Südsudan: „Wir wollen nicht, dass unsere Kinder in Angst aufwachsen“

von Janina Schümann

Ein Beitrag von Daniel Muchena, Länderdirektor von Plan International Südsudan

Die Gewalt im Südsudan bringt die Kinder in große Not. Auch fünf Jahre nach der Unabhängigkeit leidet die jüngste Nation der Welt immer noch unter ihrer schwierigen Geschichte und einer unsicheren Zukunft. Über 99 Prozent der Südsudanesen stimmten 2011 für die Unabhängigkeit. Doch auch fünf Jahre, nachdem wir die Unabhängigkeit vom Sudan erlangt haben, ist Gewalt in unserem Land noch weit verbreitet. Die letzte Gewaltserie hinterließ viele Tote und zeigt, wie fragil der Frieden im Südsudan ist.

Am meisten unter den Auseinandersetzungen leiden die Kinder. Die jüngsten Ereignisse setzen die Mädchen und Jungen zusätzlich dem Risiko von Missbrauch und Ausbeutung aus. In Konfliktsituationen wird häufig auch gegen die Kinderrechte verstoßen – vor allem gegen die Rechte der Kinder auf Bildung, Gesundheit, Sicherheit und auf Einbindung an gesellschaftlichen Prozessen. Der neue Konflikt gibt Anlass zu großer Sorge.

Neue Serie von Gewalt

Mehr als 53 Prozent der Menschen im Südsudan sind Kinder unter 18 Jahren. Aufgrund des Konflikts besucht die Mehrheit aller Kinder nicht die Schule und die neue Serie von Gewalt verschlimmert ihre Situation. Vor allem Mädchen und Frauen werden zu Opfern. Mehrere von ihnen wurden vergewaltigt und überfallen. Das Risiko für Kinder, verheiratet, ausgebeutet oder in kriegerischen Konflikten eingesetzt zu werden, hat sich verschärft, und damit die Sorge um ihre Gesundheit und ihr Wohlergehen. Zudem ist die Rate der unterernährten Kinder im Südsudan extrem hoch.

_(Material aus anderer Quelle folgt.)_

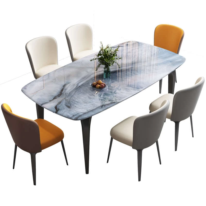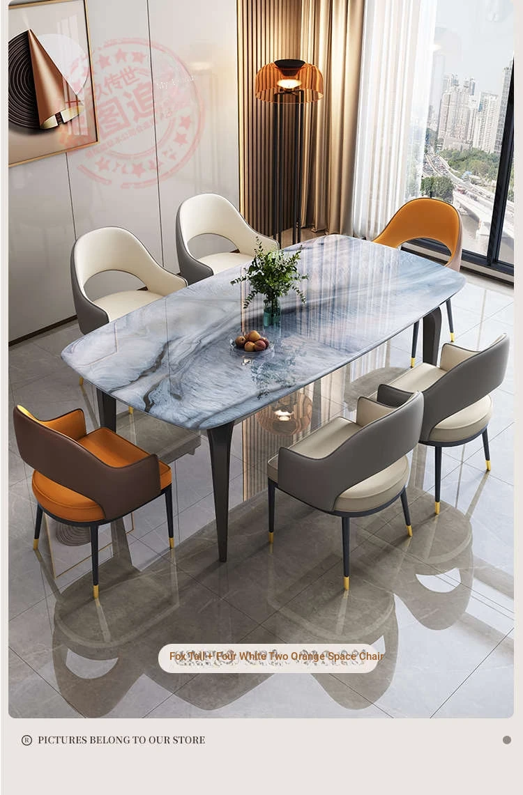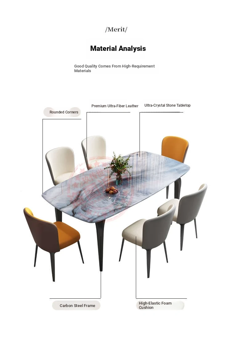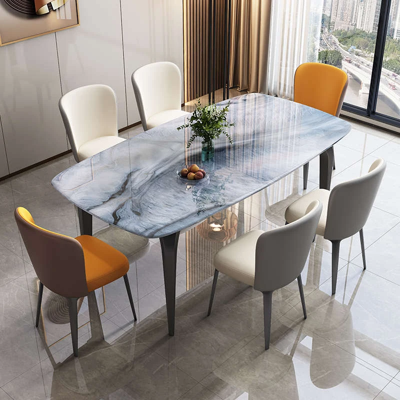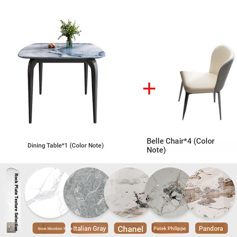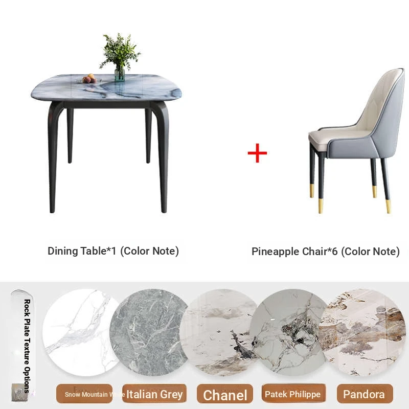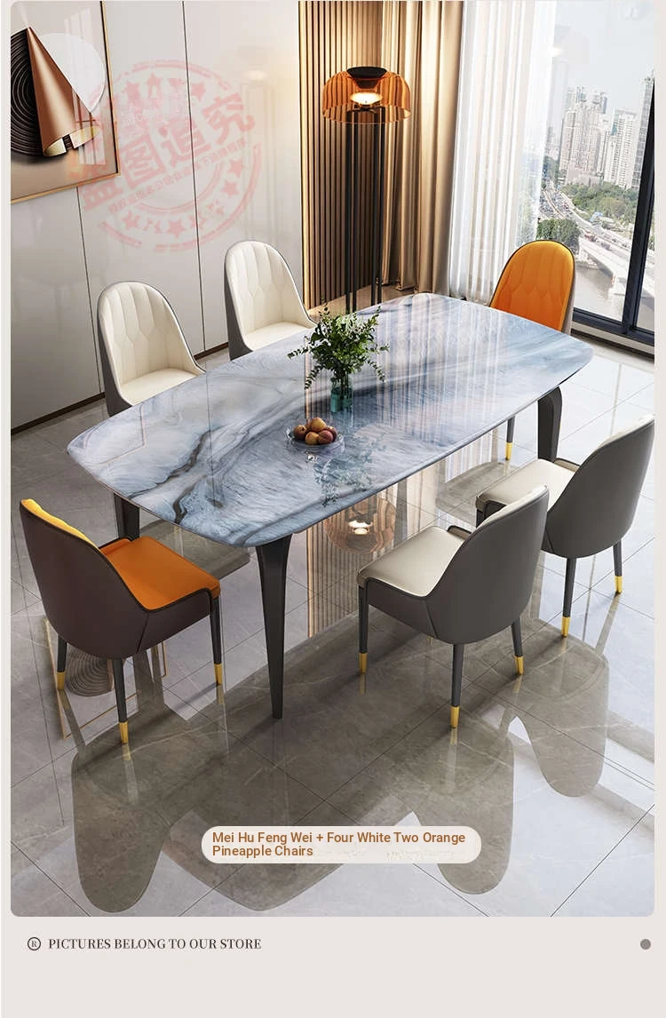 Modern Minimalist Luxury Ultra Crystal Stone Dining Table and Chair Set - Rectangular Marble Dining Table with Elegant Rock Plate Design for Stylish Dining Experiences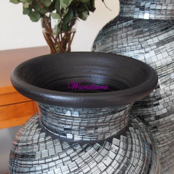 Deze mozaïekvazen zijn gemaakt van terracotta, ingelegd met stukjes glas in mozaïek. Als deze vazen "gevangen" worden door het zonlicht dan zie je het extra effect van deze mozaïek pas goed en worden ze een echte blikvanger in elke kamer.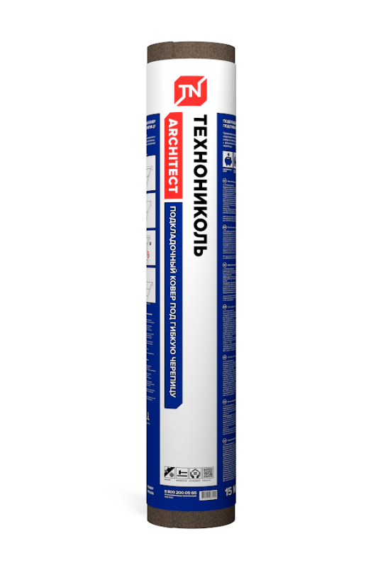 Применяется в качестве подкладочного гидроизоляционного ковра в конструкциях скатных крыш с финишным покрытием из битумной черепицы.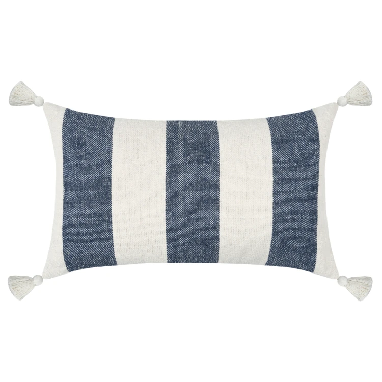 Son design à bandes bleues, agrémenté de pompons raffinés, insuffle une ambiance estivale et conviviale dans votre salon ou votre chambre. Ce coussin est l'accessoire idéal pour allier confort et esthétique dans une décoration inspirée de l'océan.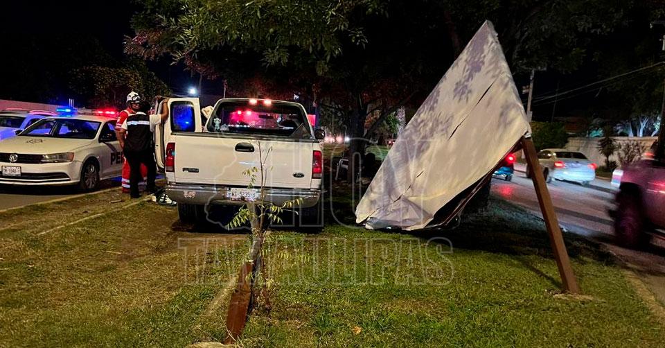 Presuntamente dormitó al volante por el cansancio de la jornada de trabajo y tras perder el control de su Ford F-F150 blanca se proyectó contra un señalamiento metálico y quedó trepado en el camellón central.
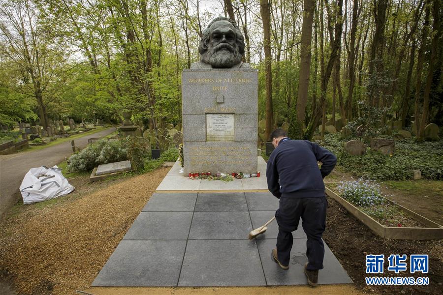 5月3日,在英国伦敦北部海格特公墓,一名工人在清扫马克思墓前的大理石板。 2018年5月5日是马克思诞辰200周年纪念日。新华社发(蒂姆·爱尔兰 摄)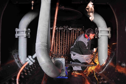 Seitens EWK geht auch die Aufarbeitung der Speise- und der Luftpumpe sowie der Einströmrohre voran: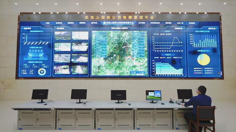 ▲武夷山国家公园智慧管理中心 武夷山国家公园智慧管理中心对公园范围内生物资源、生态环境要素等开展“天空地”一体化全方位全天候监测和服务。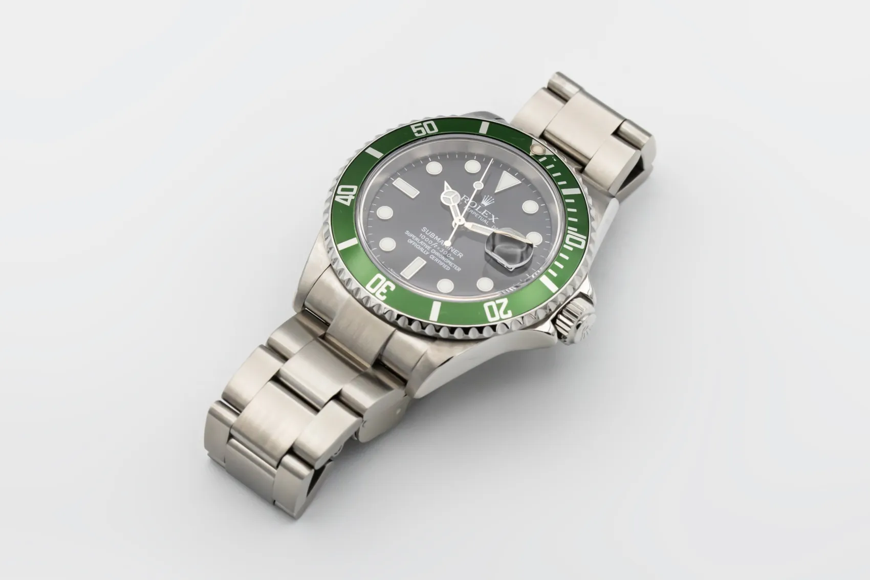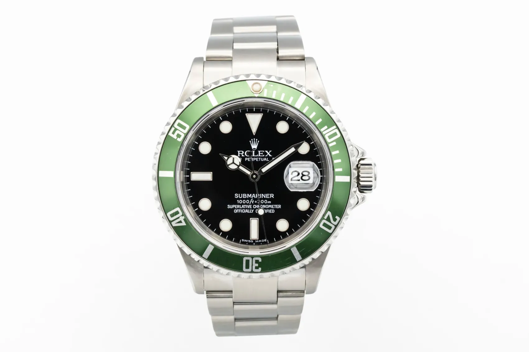 Introduced in 2003 to celebrate the 50th anniversary of the Submariner, the reference 16610LV became instantly recognisable for its green bezel. It remains one of the most sought-after transitional Submariner models.

Mehr als 53% der Menschen im Südsudan sind Kinder. © Plan

Als Länderdirektor von Plan International Südsudan besuche ich regelmäßig einzelne Gemeinden. Die Menschen dort erzählen mir, dass sie ihre Unabhängigkeit schätzen, dafür aber einen hohen Preis zahlen müssen. Viele Mittel der Regierung gingen für den bewaffneten Konflikt drauf. Eine große Menge an Spendengeldern wurde seit Dezember 2013 für lebensrettende Maßnahmen eingesetzt, so dass für die weitere Entwicklung kaum etwas übrig blieb. Viel zu wenig wurde in Bildung investiert. Dieser Rückstand beeinträchtigt die Mädchen und Jungen zusätzlich.

Unterstützung für Kinder

Plan International engagiert sich für den Schutz von Kindern und ihren Zugang zu Bildung. Um das das Leben von Kindern zu schützen, die Konfliktsituationen ausgesetzt sind und lebensrettende Maßnahmen in Konfliktgebieten zu unterstützen, rufen wir zu nachhaltigen Lösungen auf.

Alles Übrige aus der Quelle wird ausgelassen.